The GX723 uses the same chassis as the gaudy GT725, but it's nowhere near as unattractive as its sibling. Whereas the GT725 uses cheap-looking splashes of red to complement the brushed-metal wrist rest and the metallic, cheese-grater-like area above the keyboard, the GX723 relies on a less garish blue finish. As a result, it's easier on the eye.
The blue area above the keyboard frames a variety of media shortcut buttons, as well as Wi-Fi, Bluetooth and webcam toggle switches. You also get a pair of buttons labelled 'eco' and 'turbo' in the centre. The first of these cycles through various display modes, optimising the brightness for watching films, showing presentations and so on, while the latter overclocks the CPU.
The GX723 is ostensibly a desktop-replacement laptop, so you'll need to be a regular in the gym if you intend to carry its 3.2kg, 395 by 27 by 278mm chassis for long distances. Should you need to ferry it to and fro, MSI bundles a fetching red rucksack that will make you the envy of the LAN party fraternity.

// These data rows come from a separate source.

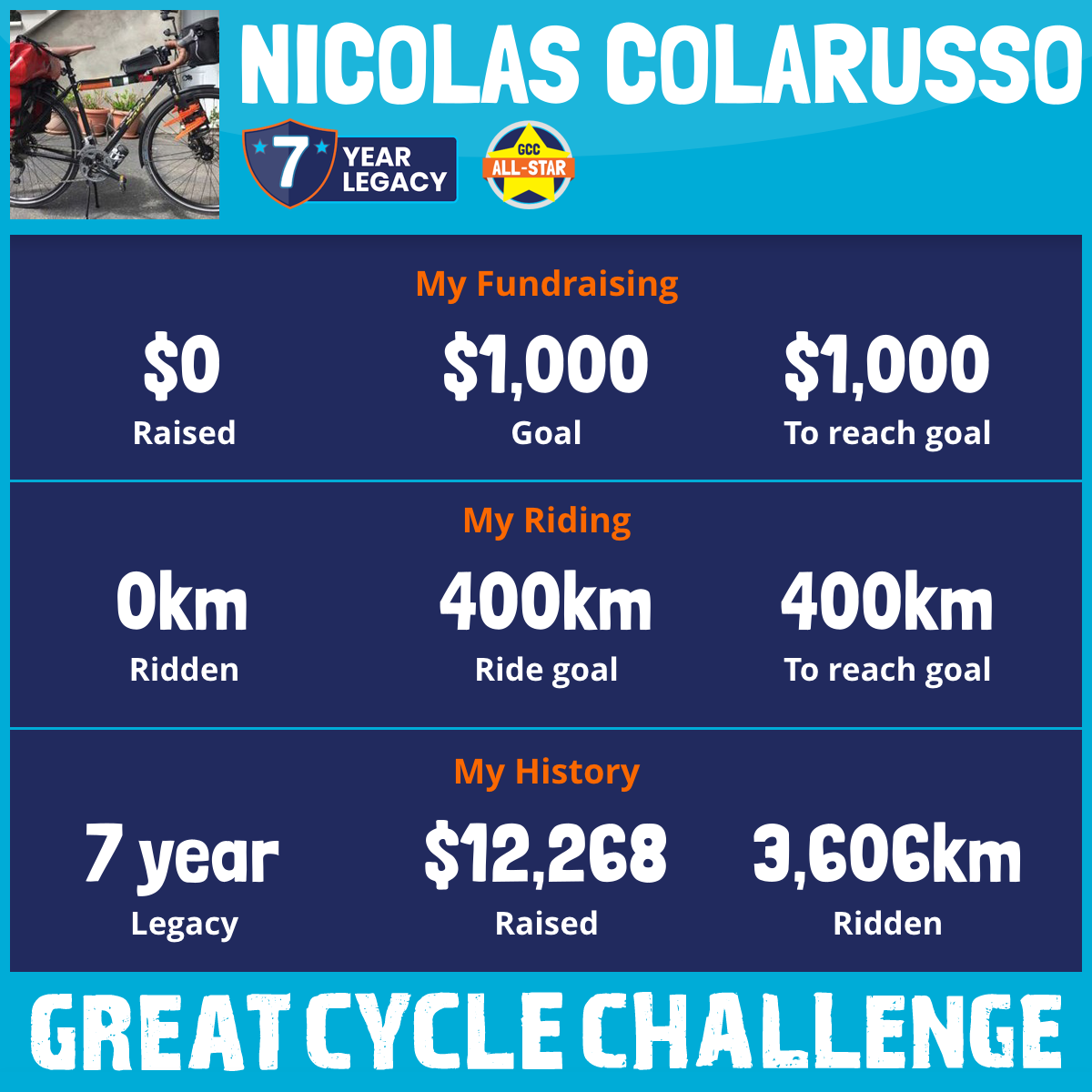 I am riding 400 km in memory of my dad, Antonio Colarusso (my dad). Please sponsor me and support my challenge to fight kids' cancer and save little lives.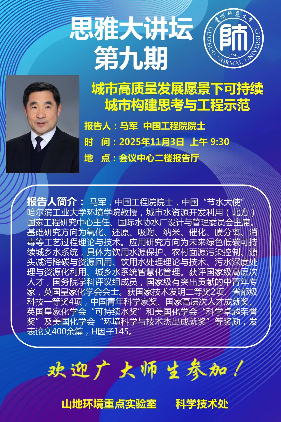为团结引领我校科技工作者聚焦我省“四区一高地”主定位,围绕“四新”主攻“四化”主战略,助推“六大产业基地”建设工作,营造平等求真的学术环境和交流氛围,发挥学术交流在推动科技创新、带动学科发展、助力人才成长的积极作用,山地环境重点实验室、科学技术处特邀请中国工程院院士马军到我校开展专题讲座。现将活动安排通知如下: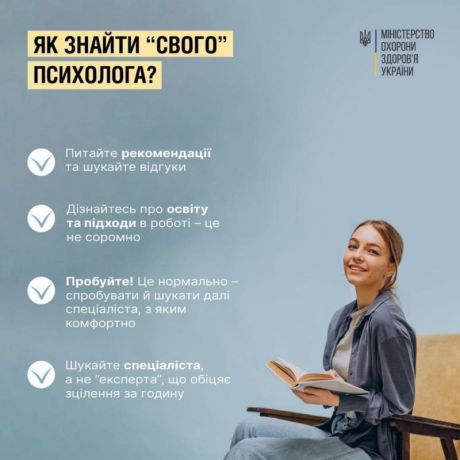 Знайти спеціаліста, якому ви довіритесь і зможете відкритись – задача не з легких. Міністерство охорони здоров'я України підготувало для вас алгоритм, який допоможе зорієнтуватись та обрати психолога, з яким робота буде ефективною.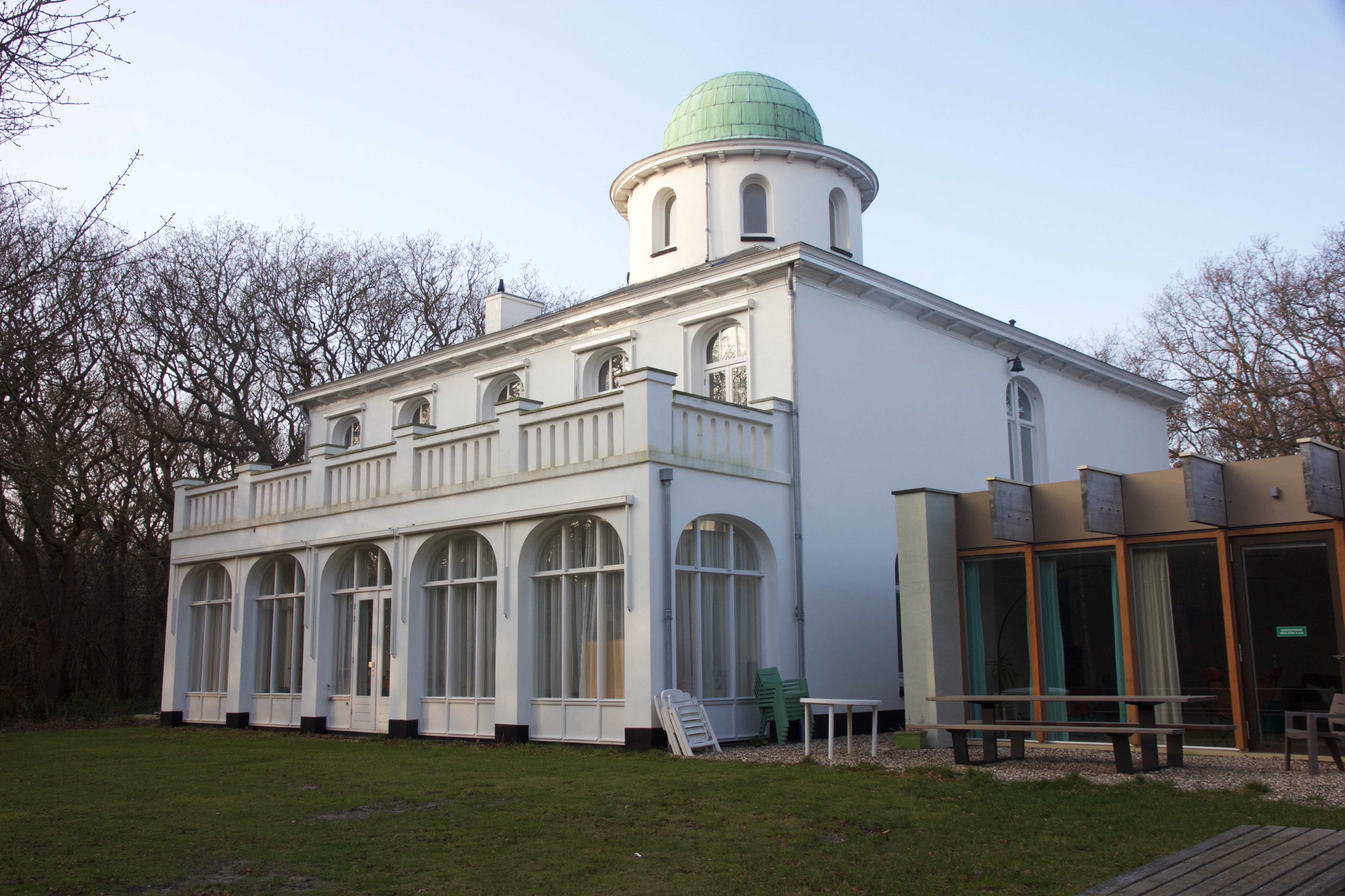 Van den Berg ontwierp een wit gepleisterde villa op een vierkante plattegrond voorzien van een flauw hellend tentdak. Centraal in het huis bevindt zich een cilindervormige schacht die als koepel door het dak steekt. Deze koepel was bedoeld als belvedère en biedt uitzicht op het omliggende duinlandschap. Aan de zuidzijde bevindt zich het verlengde van de oprijlaan de symmetrisch opgezette voorgevel van het gebouw. Hier is het pand over de volle breedte voorzien van een inmiddels dichtgezette portico met daarboven een balkon. De overige gevels hebben een meer informeel karakter waarbij de gevelindeling is afgestemd op de plattegrond van het huis. De vierkante plattegrond met kamers gegroepeerd rondom een centrale hal en de portico zijn geïnspireerd op de Palladiaanse architectuur.

Once you get to your location, you'll find the GX723 easy to connect to surrounding devices. The HDMI port -- sensibly positioned at the rear, adjacent to a D-Sub VGA video output -- allows you to connect the laptop to a television, monitor or projector, while the four USB ports, memory card reader, mini-FireWire, and quad audio jacks cement its status as a machine that can replace your bulky home computer.
One stumbling point is the GX723's odd keyboard. MSI has shoehorned a dedicated numerical keypad into the right-hand side, and some of the major keys, including return, the cursor keys and the right shift key, have been made smaller to accommodate this. As we found with the keys on the GT725, these buttons are a constant cause of typographical errors -- an almost unforgivable trait in a desktop-replacement laptop.
The GX723 trades the quad-core Intel chip in the GT725 for a slightly more sedate, but still potent, Core 2 Duo P8600, alongside 4GB of RAM. The GX723's aforementioned turbo button can overclock the Intel chip by a fairly significant amount, although the actual figure will vary from machine to machine.
The GX723 ships with a gaming-capable, although ultimately middle-of-the-road, Nvidia GeForce GT 130M GPU, packing 512MB of DDR3 memory. The 17-inch display, to which it is attached, is fairly average, too. The general picture quality is good, but it's slightly too reflective and not quite bright enough in our opinion, meaning you may struggle to see what's going on in brightly lit rooms or outdoors. By the same token, its 1,680x1,050-pixel resolution is adequate, although media tarts will mourn the absence of a 1,920x1,080-pixel (or higher) panel.